Purpose : The lacrimal gland (LG) produces tears to help maintain the physiological function of the ocular surface. Dysfunction of the LG leads to dry eye disease, which if left untreated results in visual impairment. Although normal function of the LG is essential for vision and thus human well-being, the LG remains rather poorly understood. In particular, little is known about the mechanisms of LG development. The purpose of this study was to identify genes and signaling cascades involved in LG development.

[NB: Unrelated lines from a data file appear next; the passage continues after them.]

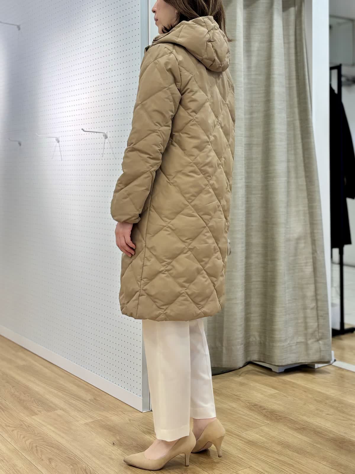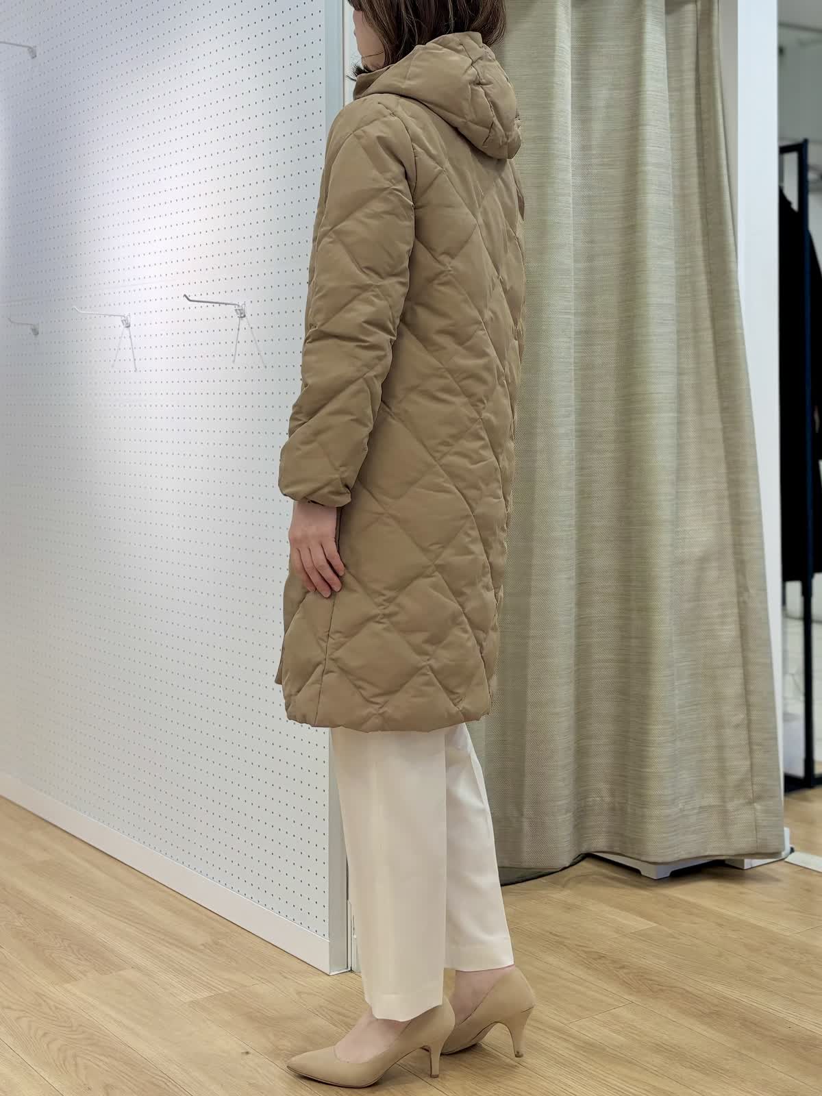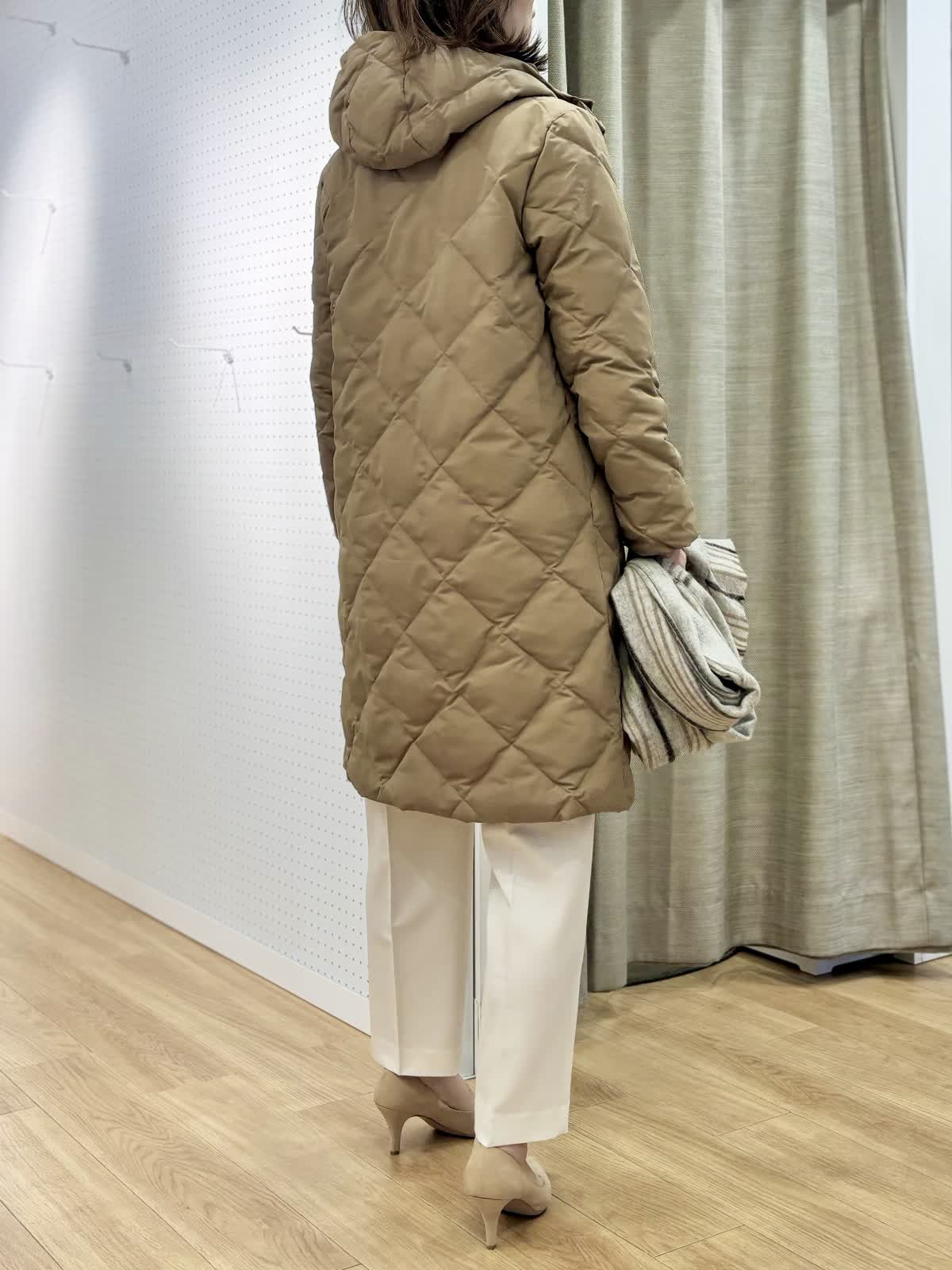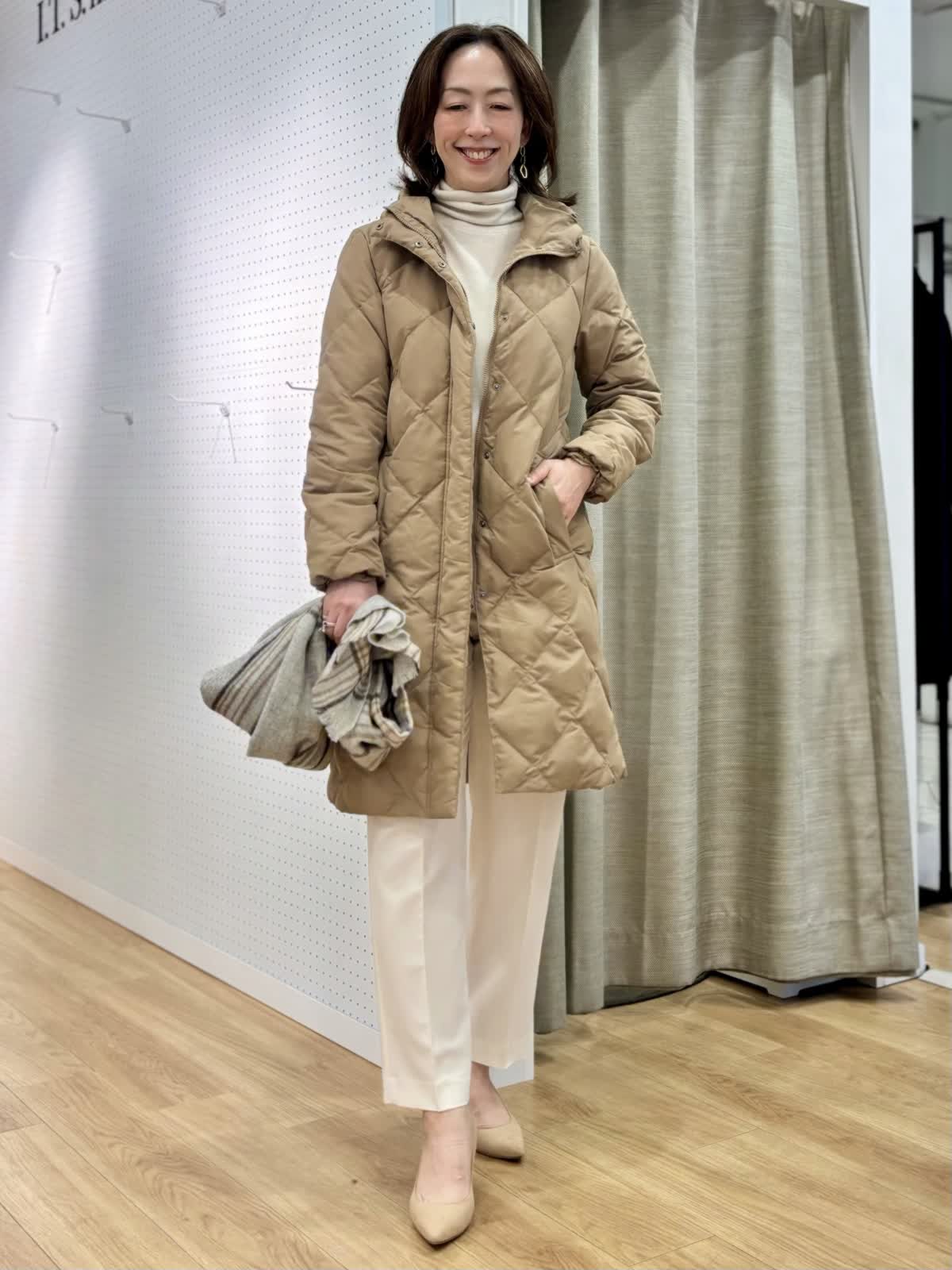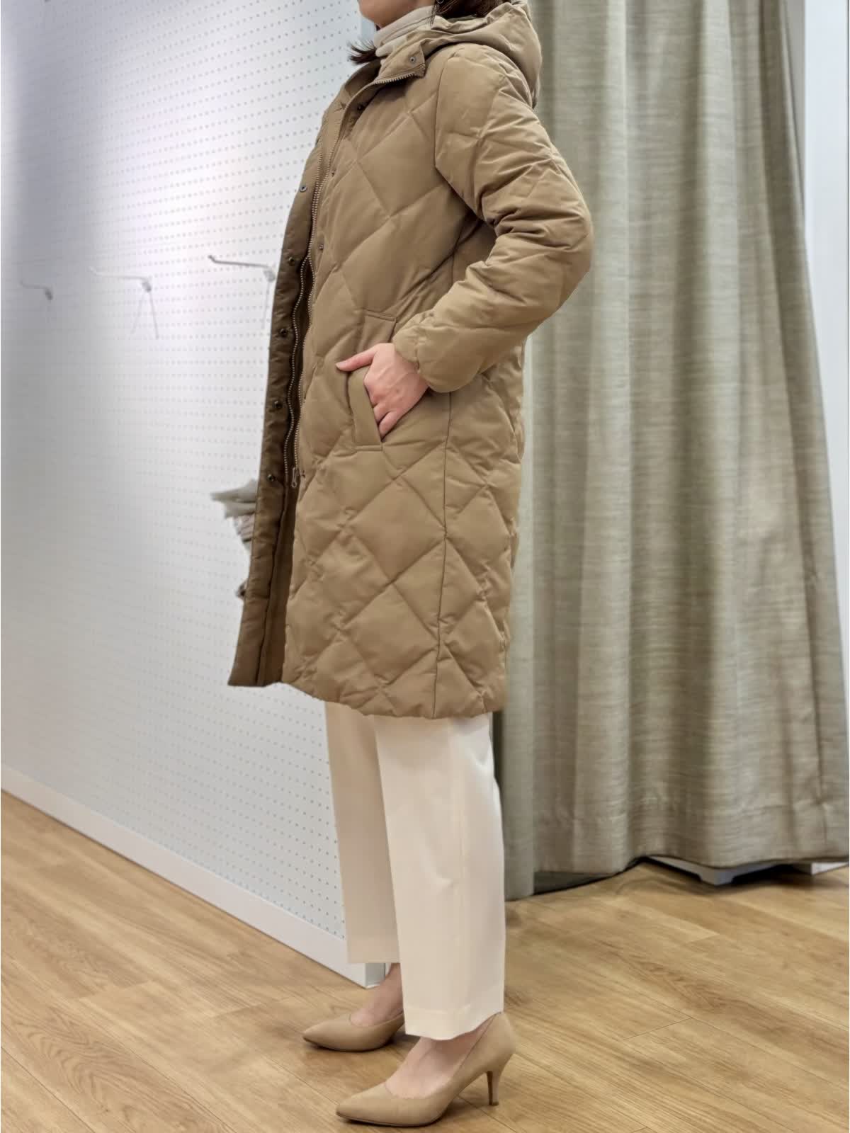 【着用カラー/サイズ】 コート:キャメル/9号 ニット:グレーベージュ/9号 パンツ:オフホワイト/9号 冬のお出掛けコーデ。ダウン95%入ったダウンは着膨れ感無くスッキリとしたシルエットがカジュアル過ぎずにまとまります。表生地は太陽の光を熱に変える新素材なので全方位から暖かさを感じれます。Wジップで足捌きもしやすく、袖口にはゴム入りで細かいディテールもポイントです。ダウンがあればインナーはキュプラ混のニットがムレ感なく過ごせて快適な着心地です。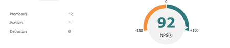 I recently conduted a Net promoter score (NPS) survey using MS forms, while promoters were 12, passives were just 01 and detractors = 00 (Nil); Yet it shows the NPS as 92. Shouldn't it be 100 as p...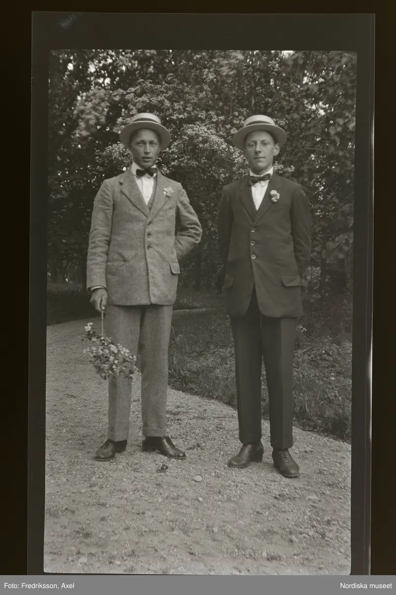 Porträtt av två unga män iklädda kostym och stråhattar, båda med blomma i kavajslaget. Den ene håller en blommande kvist.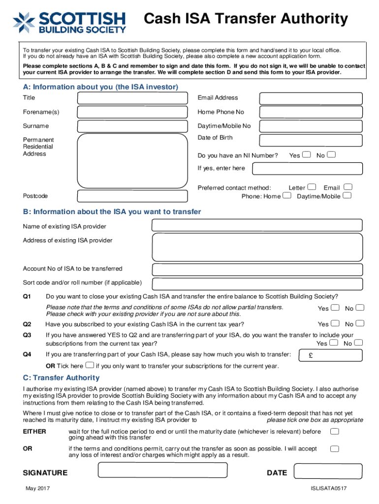 Cash ISA Transfer Authority To transfer your existing Cash ISA to Scottish Building Society, please complete this form and hand/send it to your local office. If you do not already have an ISA with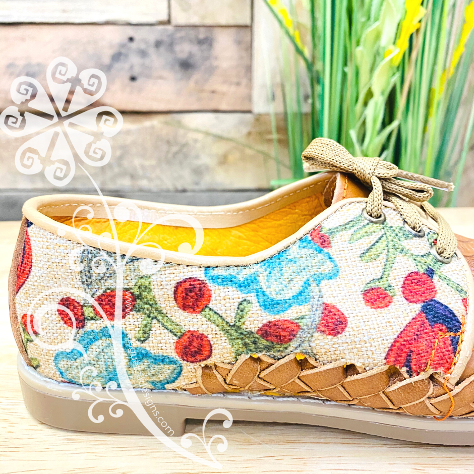 Artisan shoes made with 100% bovine leather for the exterior and inside sole. Decorated with unique resist jute artisan fabrics and the front features a beautiful "troquelado' design.

Methods : To identify these genes, we compared gene expression profiles of developing (embryonic day 16.5; E16.5) and adult (3 month) LGs using Mouse Exonic Evidence Based Oligonucleotide (MEEBO) microarrays. For statistical analysis, microarray data were examined for differences by One-way ANOVA or Student's t-test. Values of P < 0.05 were designated as statistically significant. Differential data were validated by quantitative RT-PCR, and several corresponding proteins were confirmed by western blot analysis and immunohistochemistry.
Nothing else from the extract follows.